= TASK PROMPT =
Print each line below verbatim, skipping every picture.

= EXERCISE DATA =
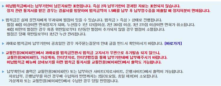 하지만 이때 과태료 부과 통지를 받고 나서 확인해 보세요. 범칙금 또는 과태료 납부 두가지가 있을 것입니다. 범칙금으로 납부할 때는 과태료보다 벌금은 적지만 벌점이 부과됩니다. 과태료는 벌점은 없지만 벌금이 좀 더 높습니다. 즉 과태료 부과대상이 범칙금 납부하고 벌점을 받을 수는 있습니다.
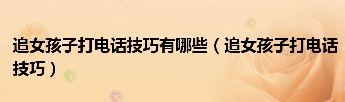 追女孩子打电话技巧有哪些,追女孩子打电话技巧很多人还不知道,乐乐来为大家解答以上问题,现在让我们一起来看看吧!
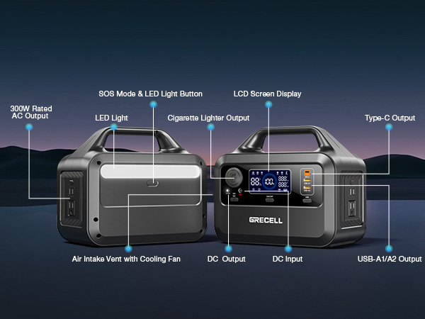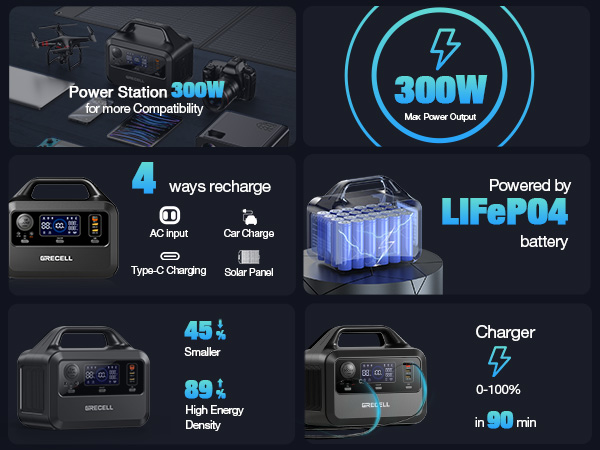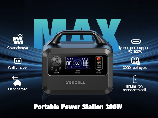 GRECELL Portable Power Station 300W | LiFePO4 (LFP) Battery

= OUTPUT OF THE EXERCISE =
 하지만 이때 과태료 부과 통지를 받고 나서 확인해 보세요. 범칙금 또는 과태료 납부 두가지가 있을 것입니다. 범칙금으로 납부할 때는 과태료보다 벌금은 적지만 벌점이 부과됩니다. 과태료는 벌점은 없지만 벌금이 좀 더 높습니다. 즉 과태료 부과대상이 범칙금 납부하고 벌점을 받을 수는 있습니다.
 追女孩子打电话技巧有哪些,追女孩子打电话技巧很多人还不知道,乐乐来为大家解答以上问题,现在让我们一起来看看吧!
 GRECELL Portable Power Station 300W | LiFePO4 (LFP) Battery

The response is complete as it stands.